# TASK
From the entries below, print exactly the span beginning with the line holding "4248-06 DIAMANT - OR" and ending with the line holding "7. Fotografia z", endpoints included, and skip any pictures.

Stored data
╭──

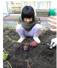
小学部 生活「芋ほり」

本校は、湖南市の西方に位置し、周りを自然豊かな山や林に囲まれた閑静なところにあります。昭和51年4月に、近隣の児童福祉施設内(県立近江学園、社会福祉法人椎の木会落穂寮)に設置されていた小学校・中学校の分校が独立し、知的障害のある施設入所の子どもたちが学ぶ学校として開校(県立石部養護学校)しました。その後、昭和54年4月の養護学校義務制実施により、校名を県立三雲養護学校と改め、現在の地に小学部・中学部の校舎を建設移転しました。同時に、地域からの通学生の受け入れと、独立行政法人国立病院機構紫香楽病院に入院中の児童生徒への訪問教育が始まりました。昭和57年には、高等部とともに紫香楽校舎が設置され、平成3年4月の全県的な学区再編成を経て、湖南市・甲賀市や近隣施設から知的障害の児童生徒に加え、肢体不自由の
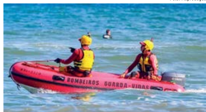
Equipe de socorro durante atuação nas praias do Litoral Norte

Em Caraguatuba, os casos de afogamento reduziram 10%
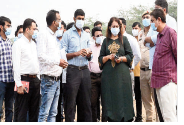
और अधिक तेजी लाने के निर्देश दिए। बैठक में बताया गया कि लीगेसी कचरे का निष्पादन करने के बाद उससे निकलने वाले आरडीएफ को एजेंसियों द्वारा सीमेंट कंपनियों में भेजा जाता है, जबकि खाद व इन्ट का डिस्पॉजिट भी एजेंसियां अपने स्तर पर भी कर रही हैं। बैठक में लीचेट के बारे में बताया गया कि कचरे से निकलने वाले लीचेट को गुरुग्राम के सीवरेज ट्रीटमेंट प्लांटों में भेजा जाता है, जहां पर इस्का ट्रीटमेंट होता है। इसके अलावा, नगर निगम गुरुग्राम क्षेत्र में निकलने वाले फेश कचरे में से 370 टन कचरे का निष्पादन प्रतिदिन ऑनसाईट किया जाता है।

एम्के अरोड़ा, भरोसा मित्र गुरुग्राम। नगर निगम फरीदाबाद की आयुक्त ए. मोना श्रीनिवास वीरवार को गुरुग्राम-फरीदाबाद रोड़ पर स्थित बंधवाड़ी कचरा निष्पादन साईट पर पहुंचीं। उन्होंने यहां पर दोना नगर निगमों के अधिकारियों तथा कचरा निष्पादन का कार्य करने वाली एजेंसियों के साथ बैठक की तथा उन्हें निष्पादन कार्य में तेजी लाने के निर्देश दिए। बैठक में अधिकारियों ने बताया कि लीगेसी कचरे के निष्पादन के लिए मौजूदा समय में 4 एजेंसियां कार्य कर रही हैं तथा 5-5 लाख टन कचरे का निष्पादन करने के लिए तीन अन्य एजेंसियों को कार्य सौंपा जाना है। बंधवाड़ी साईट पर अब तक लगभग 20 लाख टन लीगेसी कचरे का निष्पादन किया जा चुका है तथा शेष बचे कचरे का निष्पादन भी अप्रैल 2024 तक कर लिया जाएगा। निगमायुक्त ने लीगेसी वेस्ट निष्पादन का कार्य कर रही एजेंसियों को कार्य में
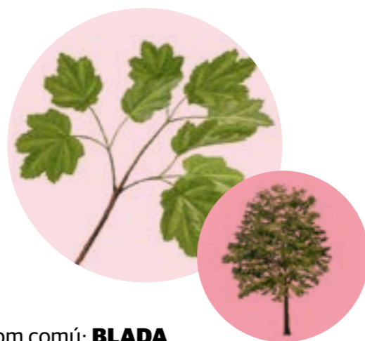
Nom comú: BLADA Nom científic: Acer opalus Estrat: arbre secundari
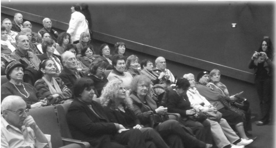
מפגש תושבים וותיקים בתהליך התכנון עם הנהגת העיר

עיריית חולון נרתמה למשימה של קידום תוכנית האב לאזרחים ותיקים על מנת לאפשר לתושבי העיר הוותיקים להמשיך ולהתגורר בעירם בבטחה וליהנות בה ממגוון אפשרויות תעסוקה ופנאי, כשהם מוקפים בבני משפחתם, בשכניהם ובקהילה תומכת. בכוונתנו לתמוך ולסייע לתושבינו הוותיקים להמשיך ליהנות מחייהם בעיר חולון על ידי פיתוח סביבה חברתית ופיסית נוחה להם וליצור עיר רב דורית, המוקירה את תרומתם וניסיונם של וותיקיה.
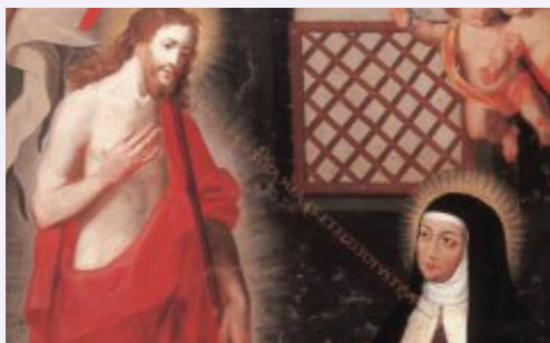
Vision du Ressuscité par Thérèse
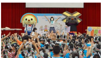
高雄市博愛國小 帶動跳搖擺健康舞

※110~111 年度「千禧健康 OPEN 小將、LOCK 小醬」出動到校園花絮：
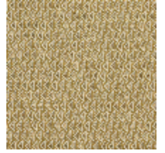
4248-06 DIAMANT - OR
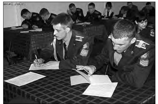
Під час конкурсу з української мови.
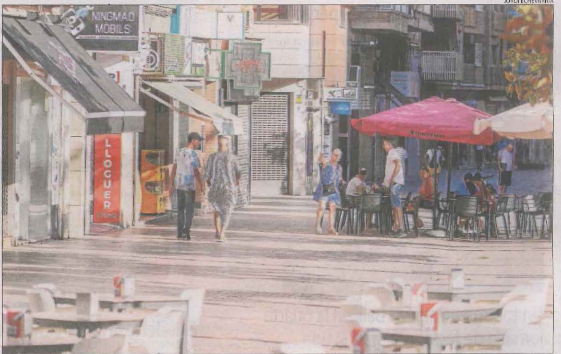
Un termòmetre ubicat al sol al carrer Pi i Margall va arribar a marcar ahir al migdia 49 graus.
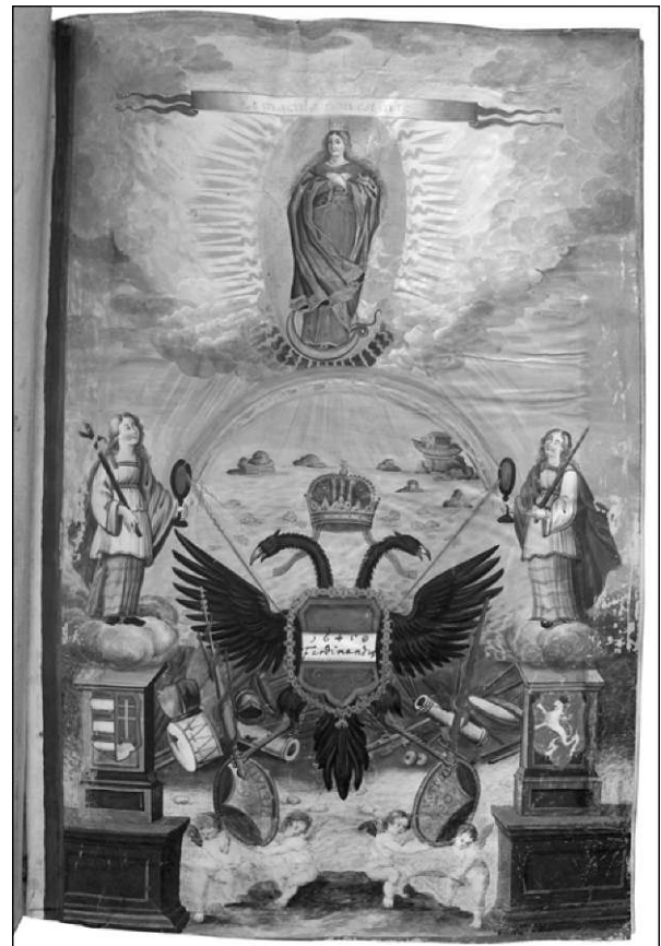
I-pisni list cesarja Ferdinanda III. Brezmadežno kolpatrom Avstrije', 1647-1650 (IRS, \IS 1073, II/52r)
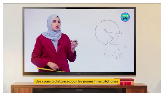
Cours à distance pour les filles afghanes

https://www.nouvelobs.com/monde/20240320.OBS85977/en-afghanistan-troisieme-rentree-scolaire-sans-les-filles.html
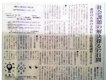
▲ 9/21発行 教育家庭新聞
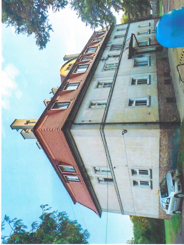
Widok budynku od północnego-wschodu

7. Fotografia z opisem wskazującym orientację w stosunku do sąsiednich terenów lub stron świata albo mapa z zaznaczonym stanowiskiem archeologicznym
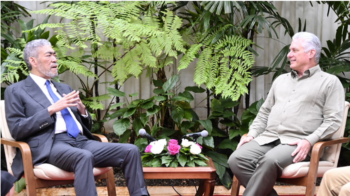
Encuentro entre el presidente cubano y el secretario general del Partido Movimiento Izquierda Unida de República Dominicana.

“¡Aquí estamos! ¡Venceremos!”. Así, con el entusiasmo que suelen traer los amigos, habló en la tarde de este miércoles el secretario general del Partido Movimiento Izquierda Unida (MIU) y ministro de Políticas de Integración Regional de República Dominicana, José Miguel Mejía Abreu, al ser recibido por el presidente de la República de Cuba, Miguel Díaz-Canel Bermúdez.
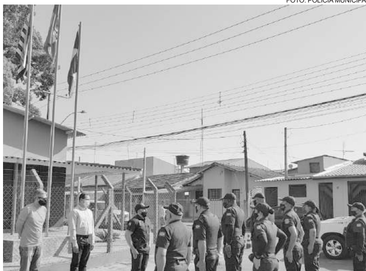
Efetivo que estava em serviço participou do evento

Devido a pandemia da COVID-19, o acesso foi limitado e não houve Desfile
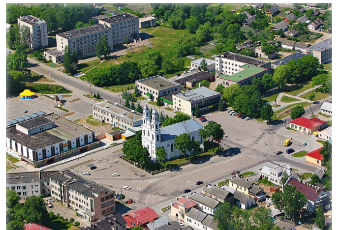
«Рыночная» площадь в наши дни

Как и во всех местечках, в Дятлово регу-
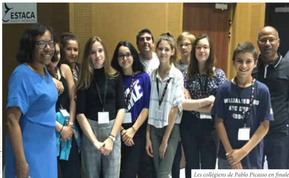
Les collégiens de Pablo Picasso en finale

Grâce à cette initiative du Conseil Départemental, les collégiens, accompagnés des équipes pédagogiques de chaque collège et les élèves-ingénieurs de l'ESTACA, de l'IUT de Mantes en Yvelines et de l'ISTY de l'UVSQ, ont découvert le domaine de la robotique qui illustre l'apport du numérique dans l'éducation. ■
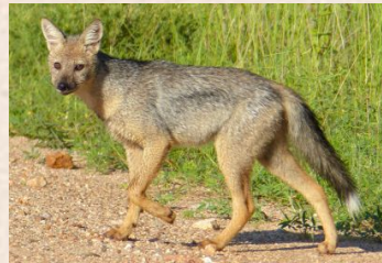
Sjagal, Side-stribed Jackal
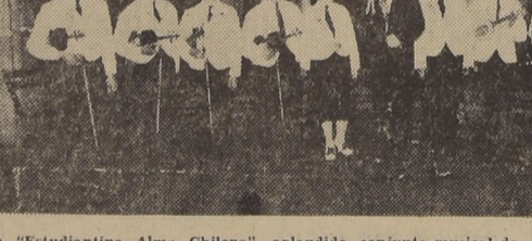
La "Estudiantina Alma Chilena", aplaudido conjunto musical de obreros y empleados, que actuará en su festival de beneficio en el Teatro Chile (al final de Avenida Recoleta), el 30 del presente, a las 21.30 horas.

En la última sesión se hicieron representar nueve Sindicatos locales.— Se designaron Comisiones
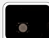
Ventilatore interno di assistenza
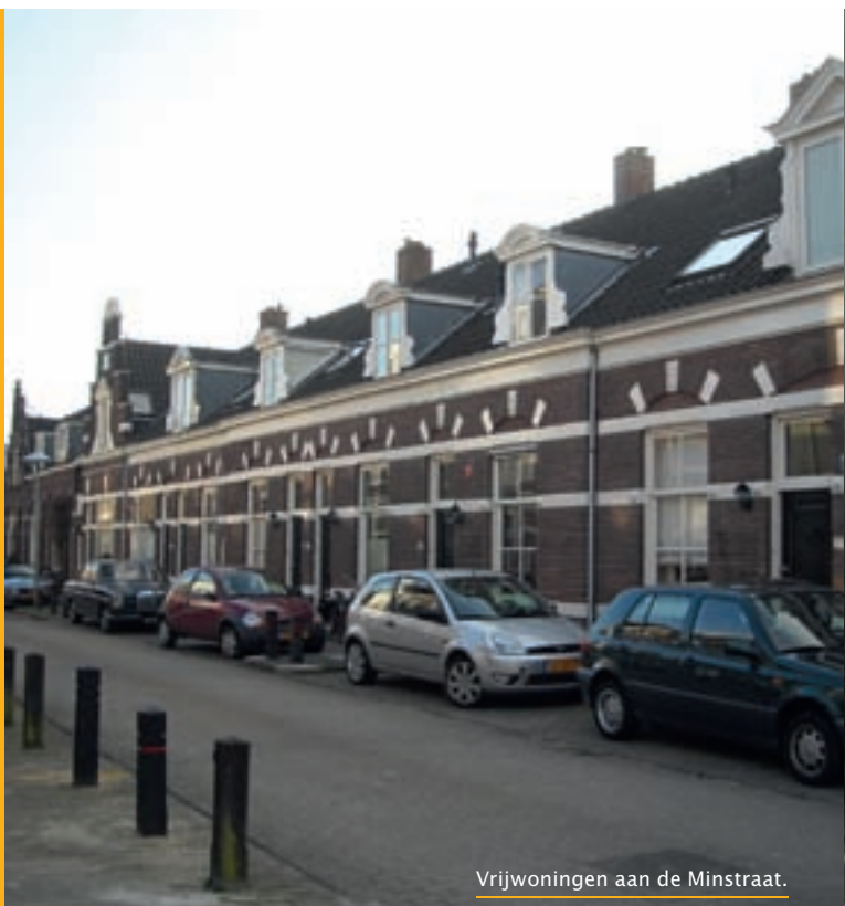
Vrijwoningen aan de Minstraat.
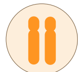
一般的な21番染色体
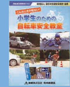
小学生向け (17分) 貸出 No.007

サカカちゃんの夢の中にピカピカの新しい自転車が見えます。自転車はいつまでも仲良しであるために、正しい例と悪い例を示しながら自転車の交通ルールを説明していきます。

╰──

# SOLUTION TO THE EXERCISE
4248-06 DIAMANT - OR
Під час конкурсу з української мови.
Un termòmetre ubicat al sol al carrer Pi i Margall va arribar a marcar ahir al migdia 49 graus.
I-pisni list cesarja Ferdinanda III. Brezmadežno kolpatrom Avstrije', 1647-1650 (IRS, \IS 1073, II/52r)
Cours à distance pour les filles afghanes

https://www.nouvelobs.com/monde/20240320.OBS85977/en-afghanistan-troisieme-rentree-scolaire-sans-les-filles.html
▲ 9/21発行 教育家庭新聞
Widok budynku od północnego-wschodu

7. Fotografia z opisem wskazującym orientację w stosunku do sąsiednich terenów lub stron świata albo mapa z zaznaczonym stanowiskiem archeologicznym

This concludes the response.